Transition : C’est une satire de la coquette très vive et réussie car c’est un portrait assumé par la
mise en abyme théâtrale (=théâtre dans le théâtre) de la servante Cléanthis qui parodie sa
maîtresse et la montre coquette, superficielle, hantée par le culte de l’apparence. Cette satire ne
s’arrête pas à la seule Eu., Cléanthis dresse un portrait plus général d’une société où règne
l’hypocrisie.

II. la coquette face au monde (l. 11-fin)


A. Une société fondée sur les apparences (l. 11 à 17)

- « cependant » l. 11 : il ne s’agit plus de décrire Eu. face à elle-même mais Eu. en société.
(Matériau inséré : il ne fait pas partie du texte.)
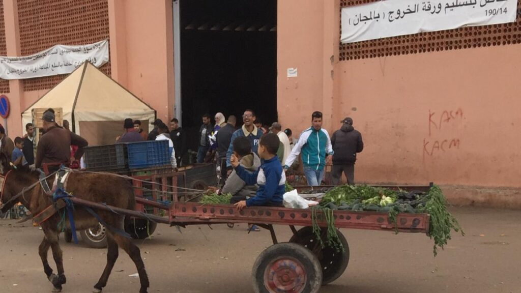 لايمكن أن تزور سوق الجملة بحي المسار بمدينة مراكش إلا وترمق عيناك طفلين بعمر الزهور، لم يتجاوزا العاشرة من عمرهما، بهمة عالية، وسط زحمة السوق الكبير يحاولان اقناع زائر أو تجار في أن يقدم له يدا المساعة بحمل اثقاله على دابتهما، مقابل دراهم معدودة تسد رمقهما وحاجة الأسرة.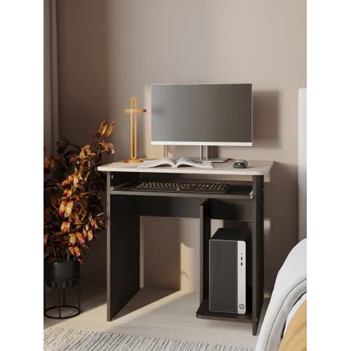 | Особенности | Размеры столешницы — 800 х 600 мм — позволяют установить монитор любой диагонали. Стол оборудован выдвижной полкой для клавиатуры, а в основании с правой стороны расположена ниша под системный блок. |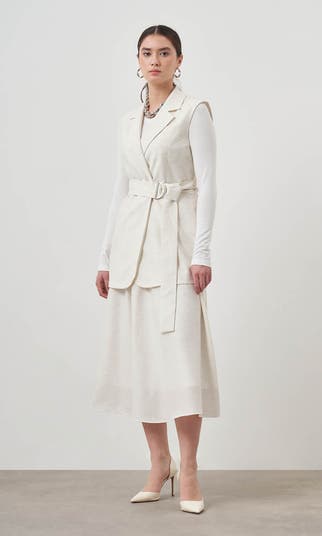 LINEN TEXTURED BUCKLED ECRU VEST, Crafted from premium %53 Polyester %10 Linen %37 Viscon fabric. This vest boasts a luxurious texture and lightweight feel, perfect for all-day comfort.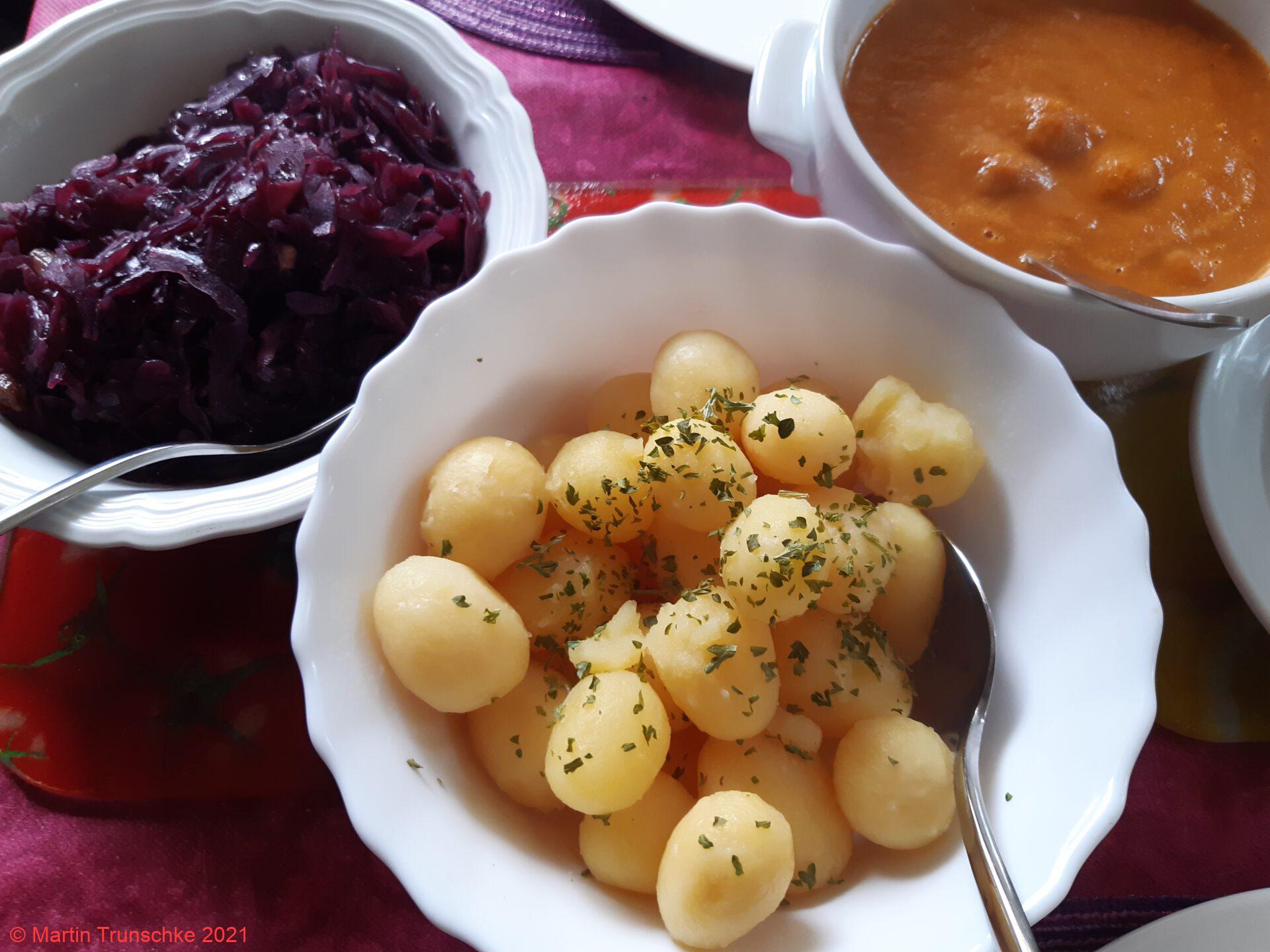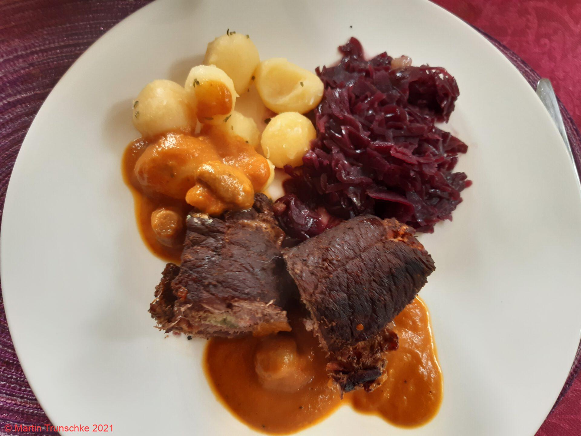 Rinderroulade, mit Apfelrotkohl und Salzkartoffeln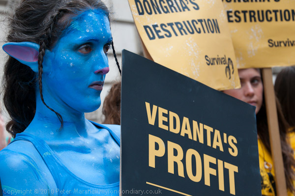 Jul: Bright blue Avatar aliens protest against Vendanta destroying the Dongria in Orissa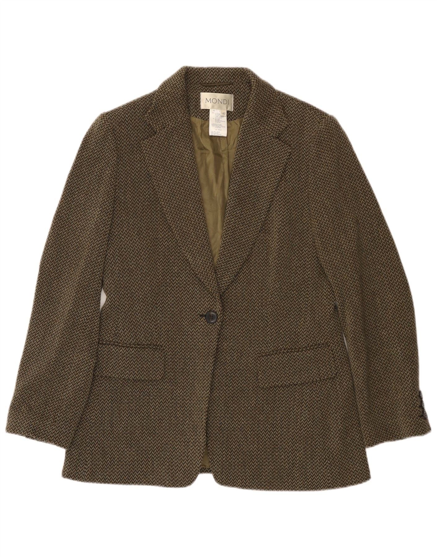 MONDI Γυναικείο σακάκι σακάκι με 1 κουμπί EU 40 Μεσαίο πράσινο Chevron παρθένο μαλλί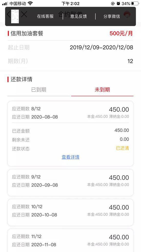 8月9日,董先生在聚投诉平台发帖称,本人通过享车平台办理合约加油业务,即每月9日享车平台向本人加油卡充值500元,次月9日本人按约定向享车平台还款450元,合约期限自2019年12月9日至2020年12月9日。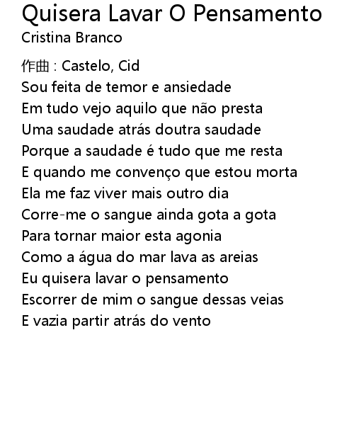 | Song | Quisera Lavar O Pensamento |

Poursuite de
l’emploi du présent « il vient » : Cléanthis donne à voir la scène comme au début du texte.
- suite de questions l. 12-13 qui correspondent aux discours intérieur d’Euphrosine (au discours indirect
libre), Cléanthis retranscrit ses pensées qui tourne autour du regard que l’on va poser sur elle.
- remarque ironique de Cléanthis le « remède » inventé par Eu. n’en est pas un car il s’agit de mentir à
ses amies => ce qui est mis évidence ici est la fausseté des relations sociales, l’hypocrisie. Même
analyse pour « bonnes amies » = l’amitié est teintée de faux semblants.
-retranscription du dialogue entre les amies et Eu. (voir emploi de guillemets l. 13 à 15), Cléanthis joue
tous les rôles (Eu. + les amiies), on est vraiment dans le théâtre dans le théâtre : Eu. se justifie en
exagérant « 8 jours que je n’ai fermé l’oeil » (hyperbole)
-L’interprétation de Cléanthis met l’accent sur les relations hommes- femmes par l’apostrophe
« messieurs ». elle traduit l’attitude d’Eu. (« cela veut dire ») et analyse la situation. Portrait et
commentaire se mêlent.
-Accumulations de souhaits (verbes à l’impératif l. 16) avec gradation qui montre qu’Eu. a peur d’être mal
vue : image pathétique d’une femme soumise à sa beauté et au regard des autres

B. Les résultats de cette exposition du caractère d’Eu. (l. 18 à 25)

- Cléanthis manifeste une conscience de classe : elle s’inclut dans le groupe des esclaves « nous
autres esclaves ».
-Cl. démontre sa supériorité sur les maîtres: « nous sommes doués » l. 18, « pénétration » l. 18 (=
compréhension) => renversement des valeurs, moralement c’est Cl qui est supérieure à sa
maîtresse.
-ironie de la formule « de pauvres gens » l. 18. Les maîtres sont riches économiquement mais
moralement démunis qui ils ne sont pas doués d’empathie au contraire de Cléanthis.
- Trivelin approuve le portrait qui est fait et le voit comme une avancée positive : « profitez »,
« fidèle » l. 20-21
- Le portrait a fait son effet, a porté ses fruits : Eu. est déstabilisée, perdue « je ne sais où j’en
suis » l. 22
- la fin du texte augure d’une suite qui poursuivra le portrait mais achèvera aussi le formation morale
d’Eu. : « achevez, achevez » l. 25

Conclusion : Cléanthis, en mettant en scène sa maîtresse dans sa vie mondaine, peint le


quotidien mais aussi les travers d’Eu. Elle se présente comme une coquette centrée sur son
apparence et avide de séduire. La satire gagne en efficacité grâce au principe du théâtre dans le
théâtre qui tout en faisant rire fait aussi réfléchir selon le principe du « castigat ridendo mores ».
C’est ce même principe qu’applique Molière dans les mises en abyme du Malade imaginaire.